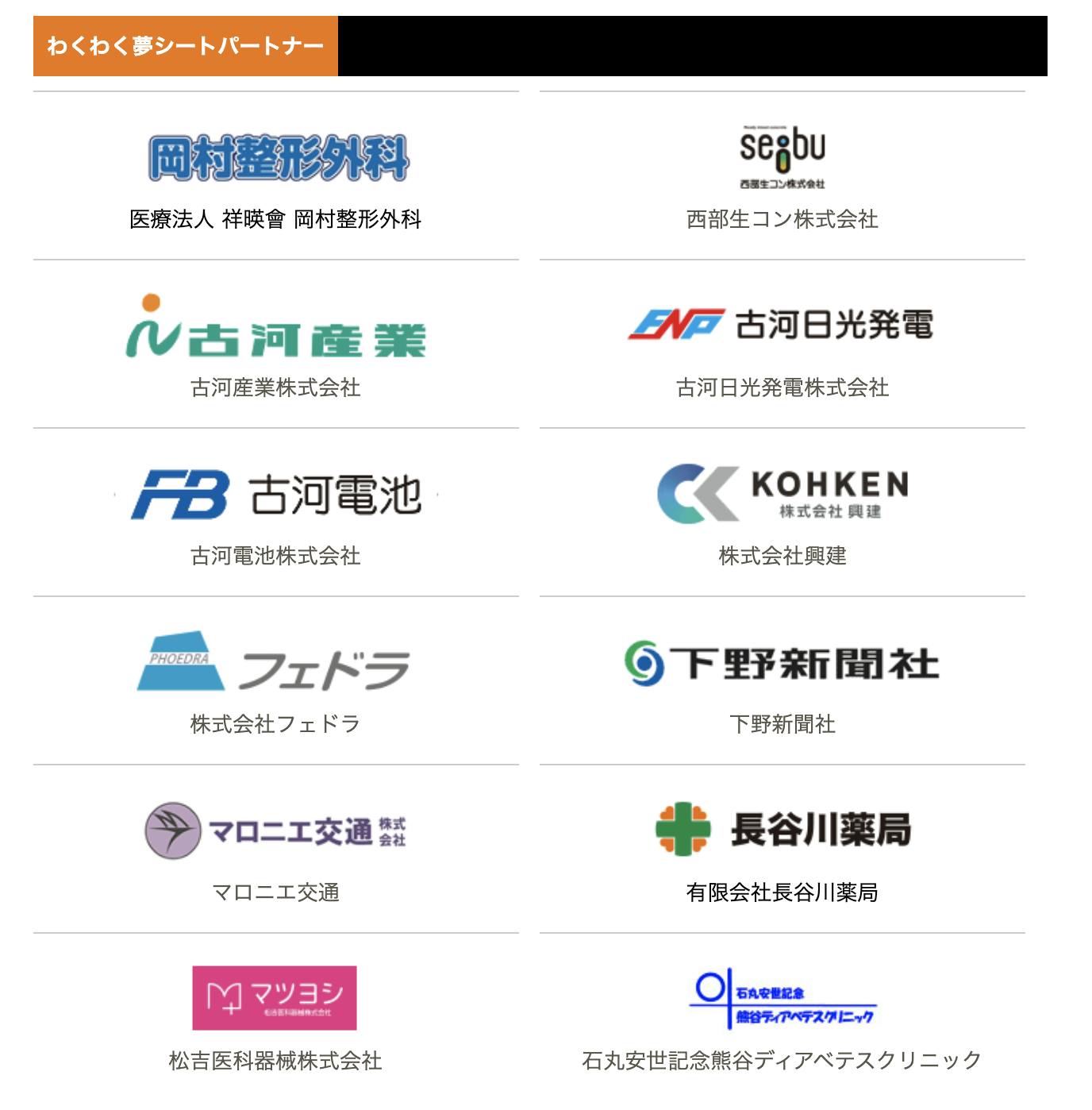 私たちと一緒に応援して下さる企業へのご支援もお願い致します。
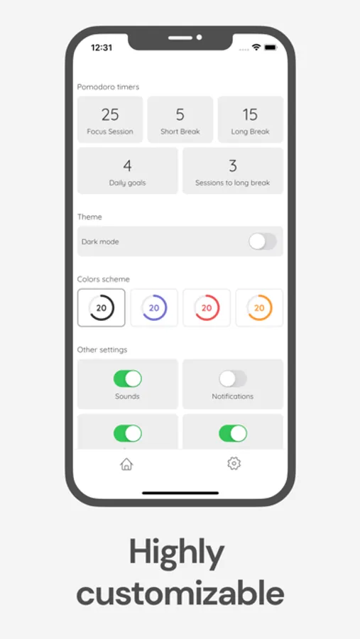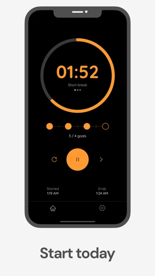 The application is clean and inspired by minimalistic design. You can hide all items from the home screen and show only the timer. No mess.
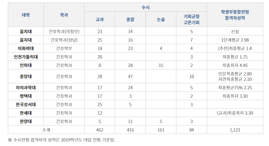 따라서 학생부종합전형에서는 간호학과 지원을 위해 진로탐색을 하고 충실하게 준비한 학생이라면 교과 성적이 다소 낮더라도 학생부종합전형에 지원할 수 있다.
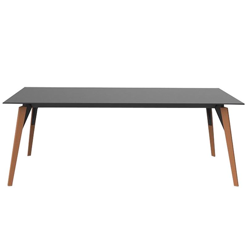 Mesa Vondom Faz Bandeja de madera 200x90 negro y patas de roble natural.
——
**WHAT THIS TASK INVOLVES**:
Everything in the listing is to be returned word for word, except the pictures.

**RESULT OF THE TASK**:
 私たちと一緒に応援して下さる企業へのご支援もお願い致します。
 The application is clean and inspired by minimalistic design. You can hide all items from the home screen and show only the timer. No mess.
 따라서 학생부종합전형에서는 간호학과 지원을 위해 진로탐색을 하고 충실하게 준비한 학생이라면 교과 성적이 다소 낮더라도 학생부종합전형에 지원할 수 있다.
 Mesa Vondom Faz Bandeja de madera 200x90 negro y patas de roble natural.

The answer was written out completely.